Tonight we ate at Roy's. Hawaiian fusion. Great fish. This is NOT a joint. There are a few throughout Texas, Nevada and Arizona. A very nice place for a romantic dinner for two. A bottle of bubbly, a very nice piece of fish, and their famous chocolate souffle for dessert, makes for a very different kind of happy mouth. http://www.roysrestaurant.com/


Not really a restaurant review, but places that folks in the know should know about...
Yum.

Demo '06 - Impressions

I'm in beautiful Phoenix Arizona at Demo '06, which is the perfect conference for a tech trends/industry watcher/tech investor types to look at up-and-coming tech companies who have a nail-biting 6 to 8 minutes to sell the audience on their value proposition and give a high-impact demo -- it's kind of like "speed-dating" for VCs. Of course, there's a pavilion where the presenters can set up a booth and be more interactive with interested parties.

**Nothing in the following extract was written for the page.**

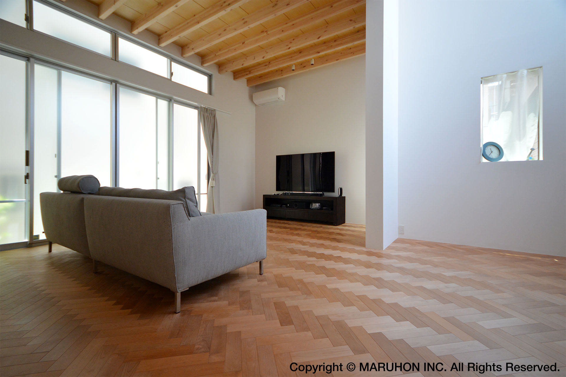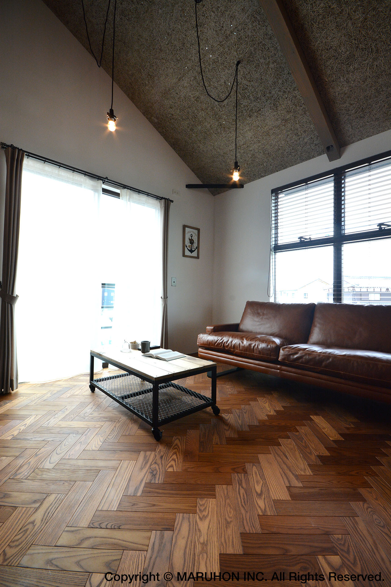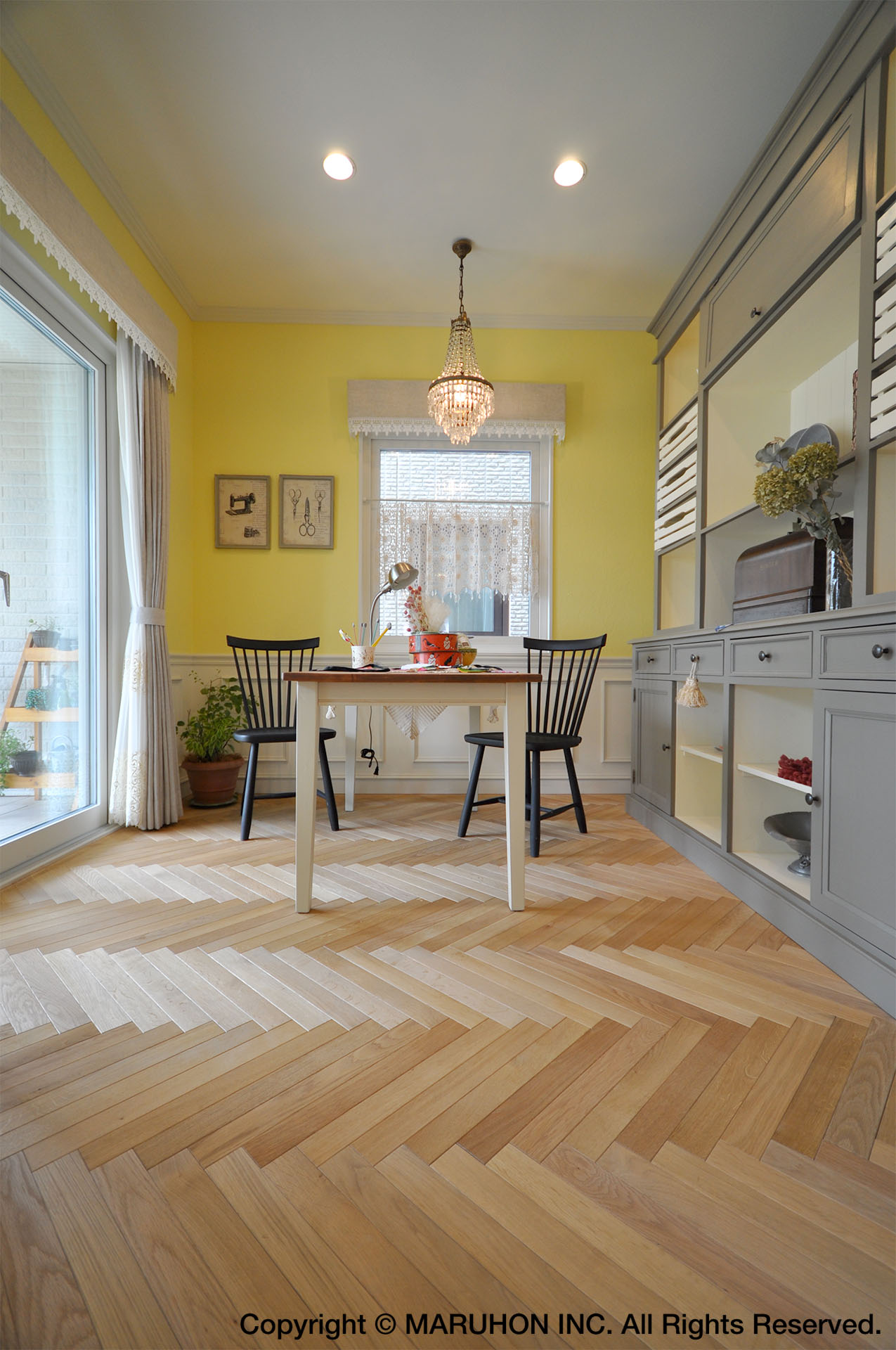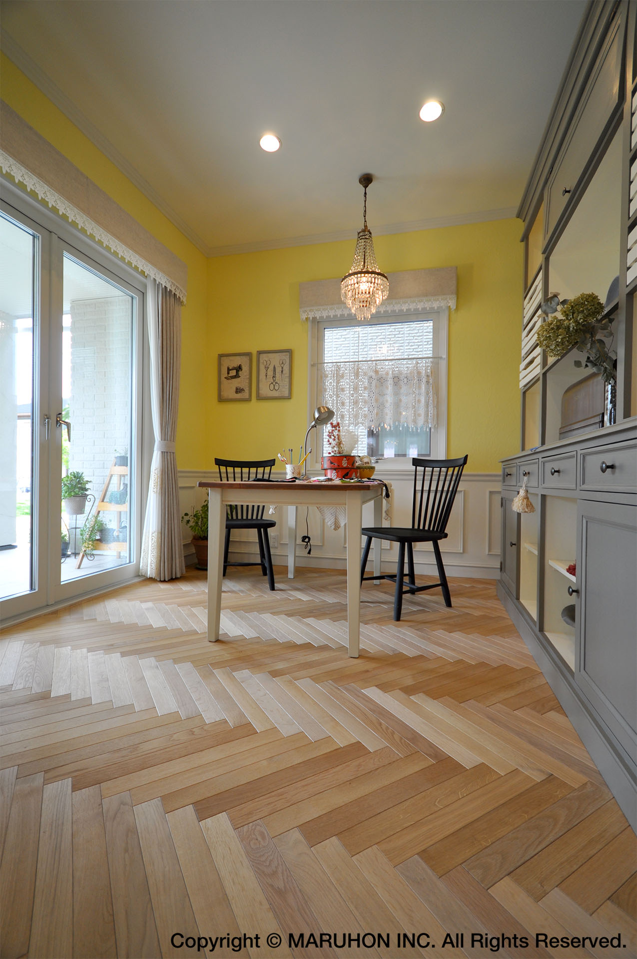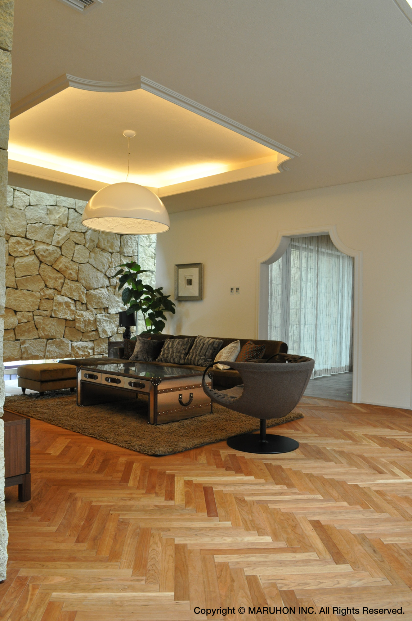 商品名ヨーロピアンオーク 床暖房対応 フレンチヘリンボーン 挽板フローリング 121.2mm巾 右用
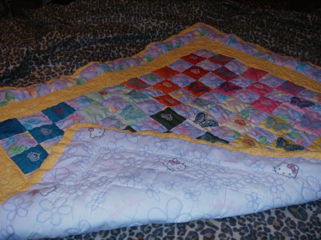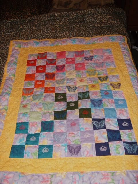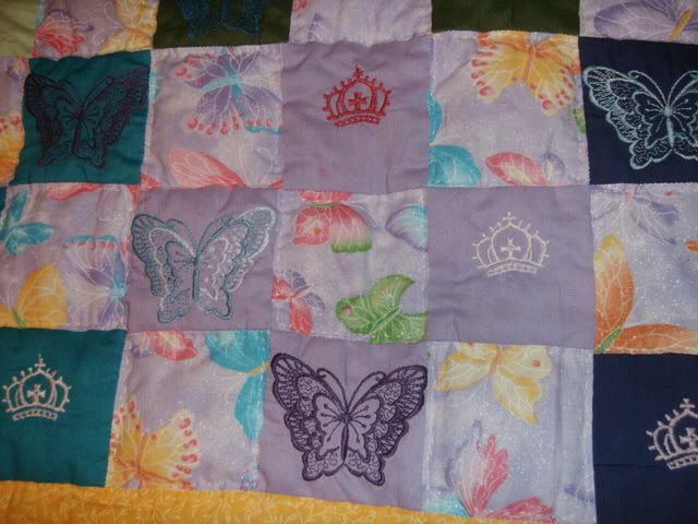 I told my good friend Amber that I'd make her a baby quilt for her newest child. (This will be her #3 and another girl.) I felt bad I never made a quilt for Amber, so this one had to be special. I agonized over what to make of the quilt(pattern and such) and I finally decided on a 9 patch, seeing as I'm almost an expert on making that pattern. I've made a couple other quilts before, but never quite made the whole thing. I always had to get my mom to do the binding, but I even did the binding on this quilt. I've been working on the quilt for quite some time and I finally finished it! I used a really pretty butterfly fabric and 12 solid colors and I embroidered crowns and butterflies into the solid colors. I found a pretty yellow for the inner border, I used the same yellow for the binding. I just love the color combination! I quilted(yes hand quilted) the butterfly squares and the yellow border. I actually just traced the patterns of flowers from the back fabric(Hello Kitty) with the thread. It's beautiful, and I hope Amber likes it. :) I can't wait to see what she'll say!

While the technologies span every market, from ice-cream vending machines (admittedly out-of-the-box, but cool!) to enterprise security offerings, there are some unifying themes that seem to be prevalent at this year's conference:

Trend: convergence of business and consumer tech. Users are spoiled by elegant and functional applications in their personal life and are left wanting by overly complex and cumbersome enterprise tech. Simplify, simplify, simplify.

Trend: corporate computing is too complex. Moving to the point of diminishing return. One more feature in enterprise software among thousands? A better search algorithm to bring back 50 more needles among thousands in the haystack?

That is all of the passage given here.